Playing fair doesn’t pay off



Now that the gubernatorial meltdown has progressed from the dropping-of-jaws phase to the gnashing-of-teeth phase to the glowering-from-our-respective-corners phase, it is time to give a little attention to the fallout.

Action, if we can call it that, on Gov. Paul LePage’s stunningly intemperate phone call to Rep. Drew Gattine, is off the table for the time being. It certainly will be featured in many a political campaign in the next six weeks, and there no doubt will be efforts to address it in one way or another come January when the new legislature convenes. But for now, it slumbers.

The subject on which the record could use a little straightening is the performance of Republican Senate President Mike Thibodeau. In 2014, while Republicans celebrated winning control of the Maine Senate, Democrats were sure their worst nightmares had been realized when the conservative Thibodeau was elected president.

From the get-go, Thibodeau has exceeded expectations. Neither party had the catbird seat. Democrats were playing defense against a Republican Senate and governor. They could block plays, but were not likely to be able to advance any of their own initiatives.

Republicans were hampered by a governor who railed against his own party members, refused to allow his commissioners to attend legislative committee meetings and walled himself off from the media on a regular basis.

Had Thibodeau taken the same tack as House Minority Leader Ken Fredette, who has maintained solidarity with LePage since he became the House Republican leader, it would have further entrenched the partisan divide in Augusta. Instead, he elevated the proceedings with measured statesmanship.

Though his conservative beliefs may not have changed, Thibodeau showed a distinct ability to manage the legislative system. Even-tempered, level-headed and fair-minded, his leadership was exactly what was prescribed by a soul-searching report undertaken by Republicans after their 2012 loss to Barack Obama.
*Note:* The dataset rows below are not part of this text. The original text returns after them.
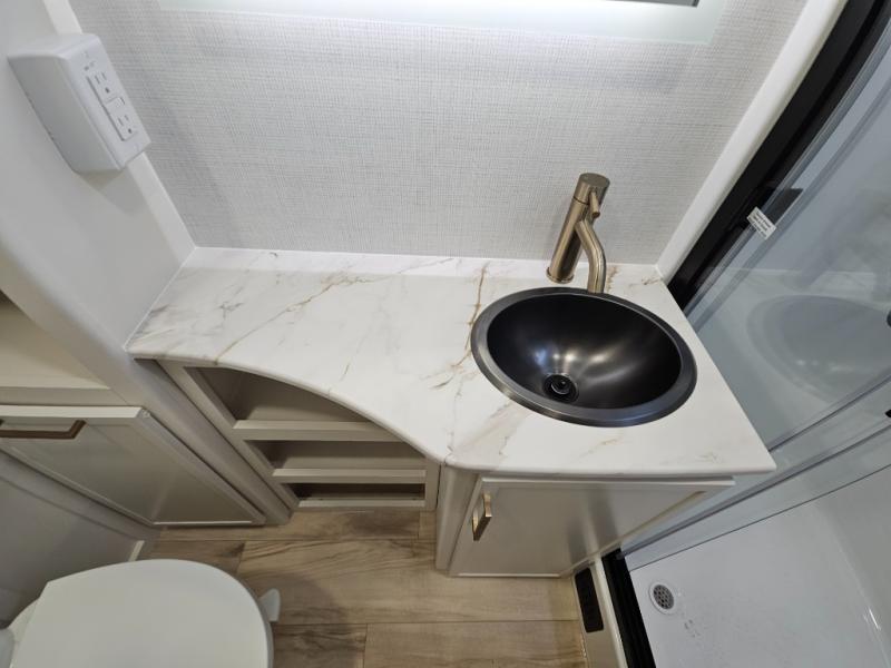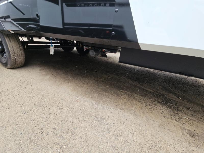 The lightweight Model I travel trailer by Brinkley is the perfect choice for those looking for an easy tow and at-home comforts! There is a drop-frame chassis, high-performance Road Armor suspension equalizer system, and Demco EZ Latch trailer coupler that automatically latches when dropped onto a hitch ball without the need of a safety pin. Additional exterior features include square Euro frameless windows, automotive-grade paint, full-width LED strip lighting in the pass-thru, and a pet & property security campside tie-down to keep your gear and furry friends safe. Inside, you'll be wowed by Brinkley's CraftSense wood trim construction, residential solid surface kitchen countertops, dimmable bedroom lights, and marine-grade neon LED shower lighting to name a few stand-out features!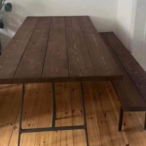 Bordet står ellers rigtig fint, men er brugt dog kan det nemt lige slibes lidt og olieres og så står det som nyt.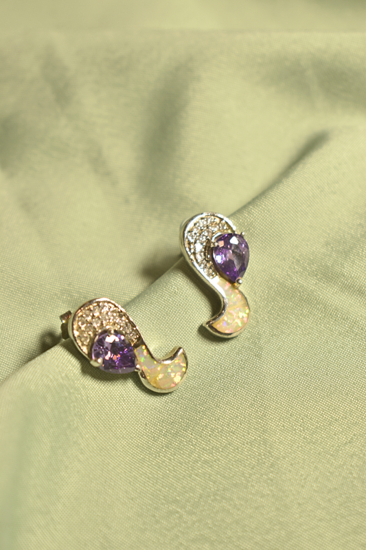 Amethyst and Opal Twist Earrings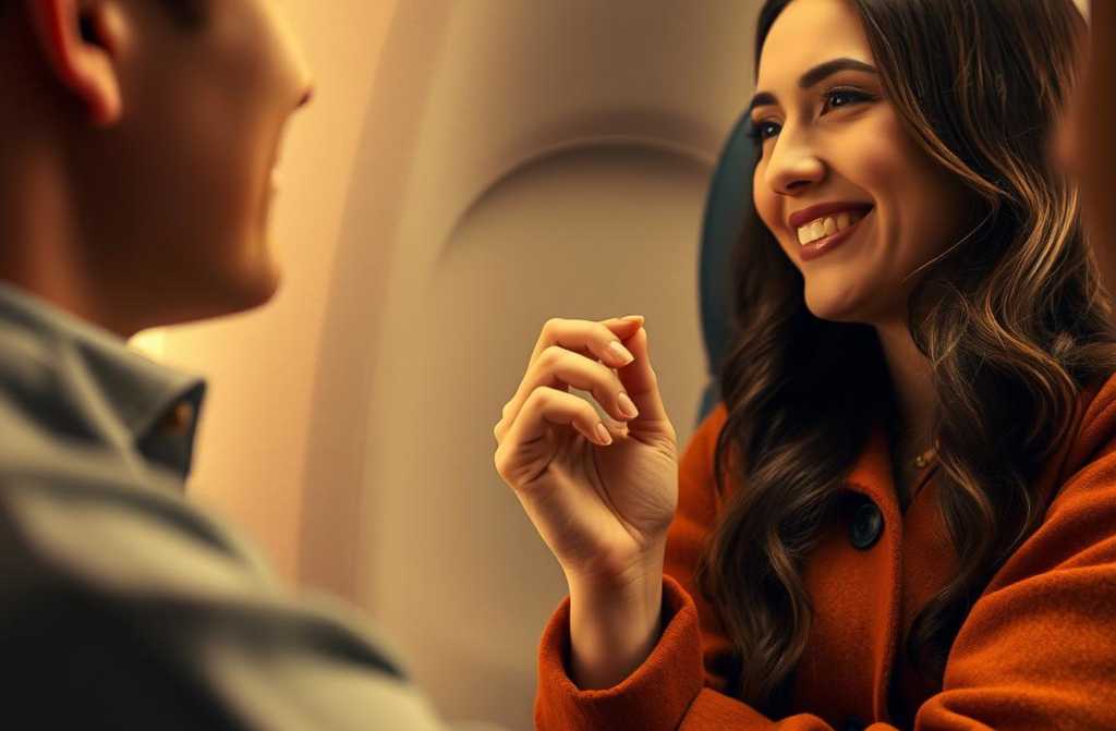 Laereo decolla. Cinzia, emozionata, fa cadere la borsa, ma Vincenzo le porge una mano senza parole per raccoglierla.
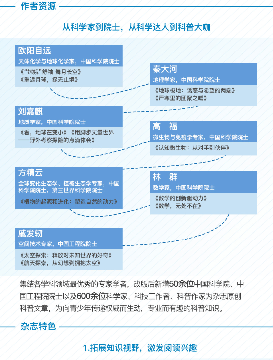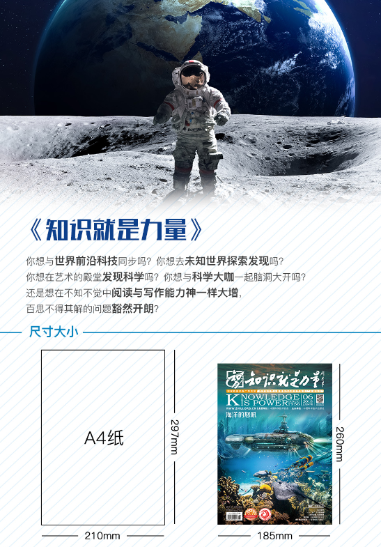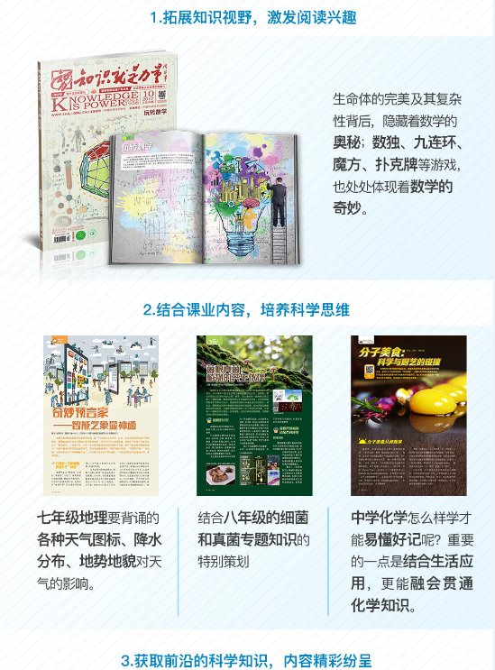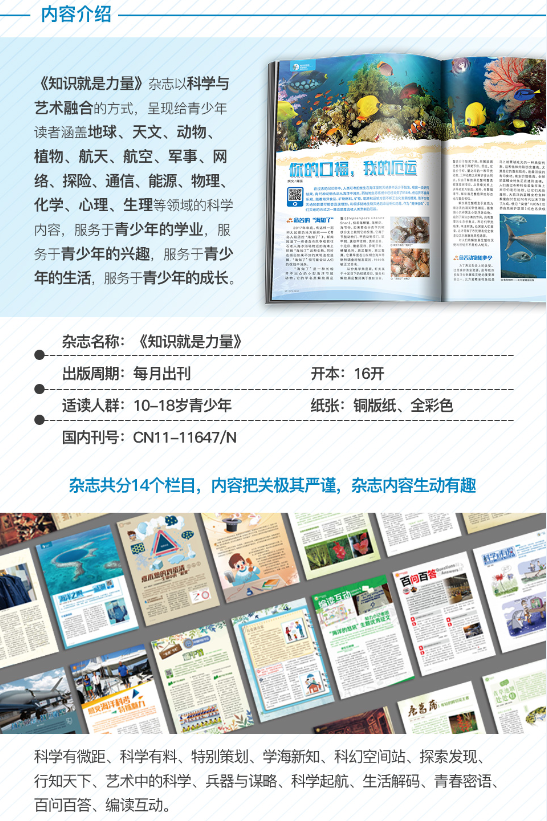《知识就是力量》创刊于1956年,由周恩来总理亲笔题写刊名,是由中国科学技术协会主管,中国科学技术协会、中华全国总工会和共青团中央联合主办的青少年综合图文科普月刊。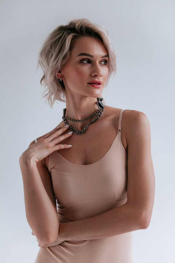 This choker is definitely differing from those you have seen before. The unique design is eye-catching. Being made of two parts - leather and chain one - it is super adjustable. You may change its size depending on your desire and feeling. It can tightly lay to a neck or be slightly free on it. The chain part looks like a necklace on a sweet neck. The truth is, every woman loves necklaces, and what about trying something special.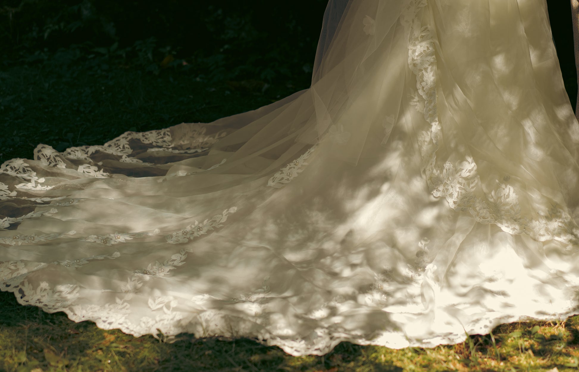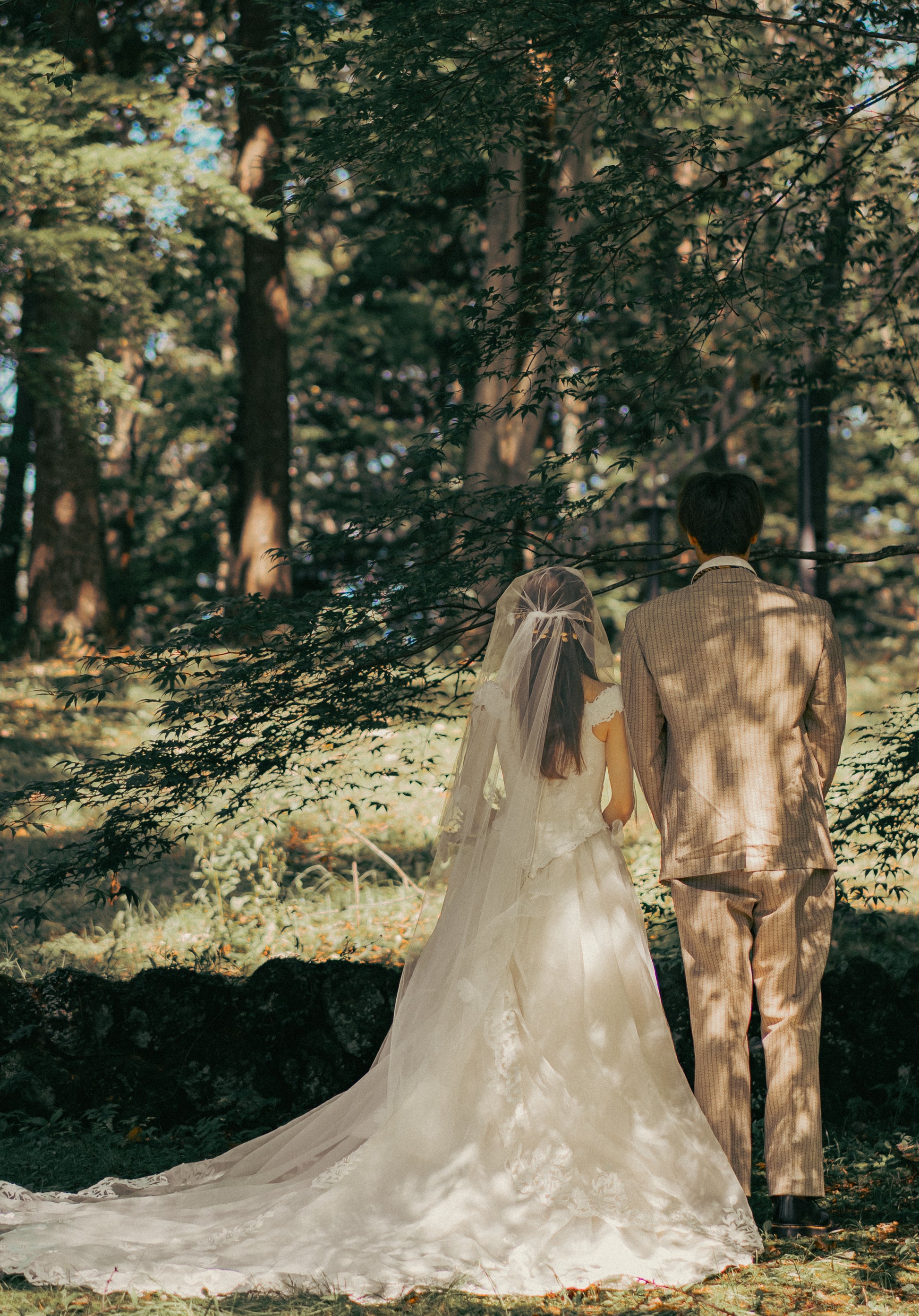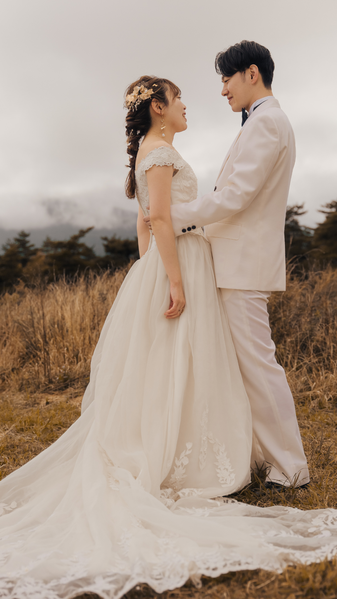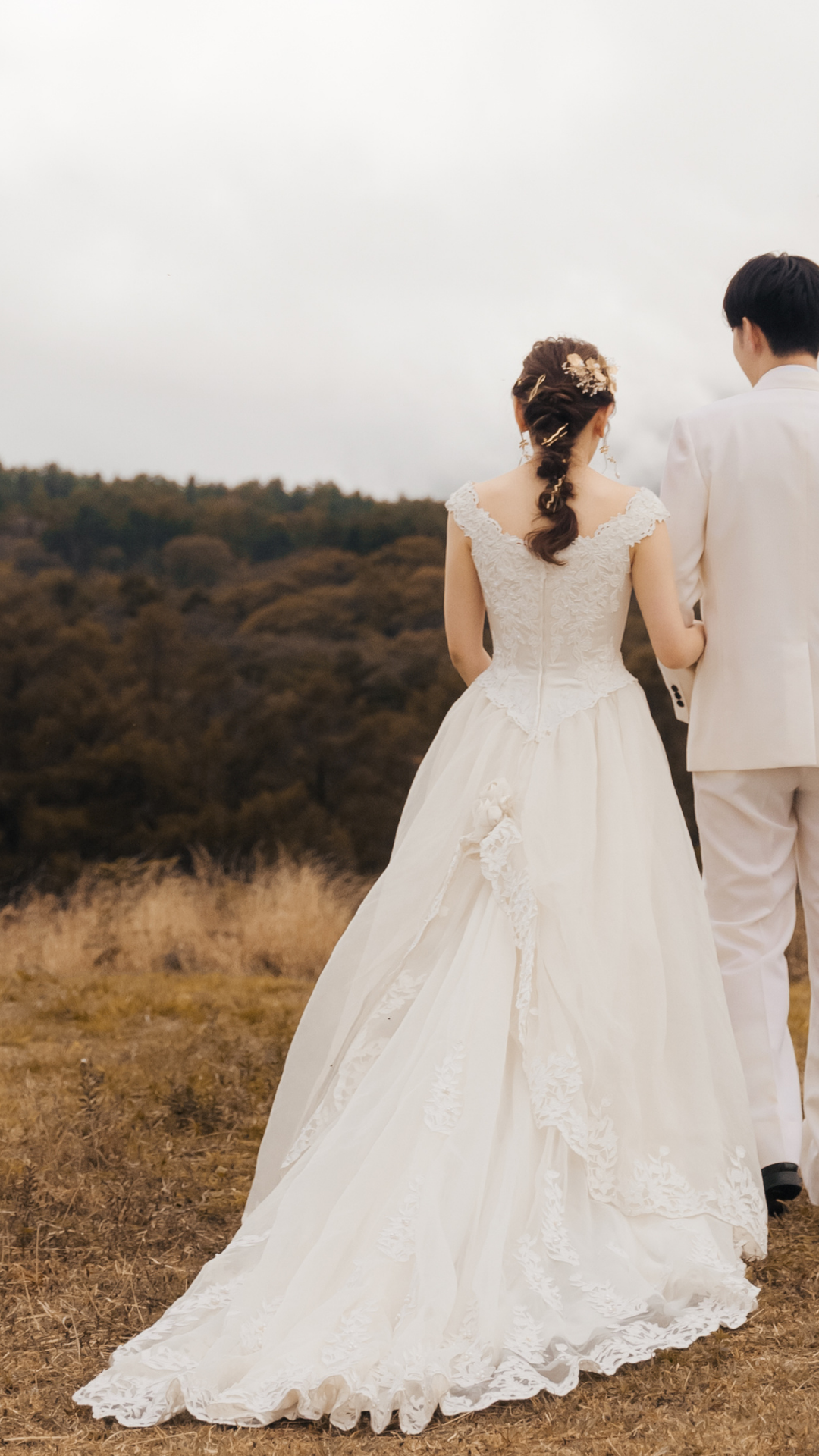 デコルテを包むレースとふんわり広がるトレーンが、クラシカルな気品の中に愛らしさを添える一着。上品でありながら、花嫁の優しさや可憐さを引き立てるデザインです。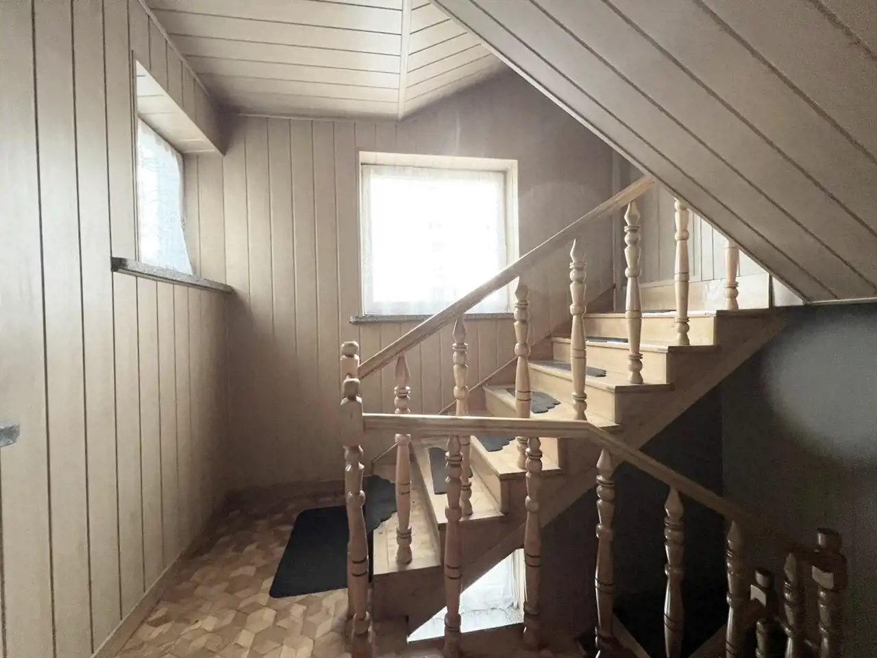 Window frames are partially PVC and partially wooden. Wooden floorboards in rooms and corridor, wooden mosaic on the staircase, ceramic tiles in the bathroom, and linoleum in the kitchen.

Predictably, this earned him the title of RINO (Republican in Name Only) from the far right, but really, it is this type of leadership that distinguishes Maine from Washington, D.C., a distinction that grows more tenuous every year.

Thibodeau chided LePage on some of his more abrasive statements and weathered a storm of hostile robo-calls in return. When the governor refused to swear in a Democrat who won a mid-term special election, Thibodeau suspended all roll call votes of any significance until she was seated.

He worked in close consultation with Senate Democrats. It mattered. At the end of last session, the Senate minority leader offered his thanks to Thibodeau on behalf of his caucus for treating them “respectfully.” One Democrat proposed that Thibodeau receive the “Right Man at the Right Time” award in acknowledgement of his even-handed management of the Senate.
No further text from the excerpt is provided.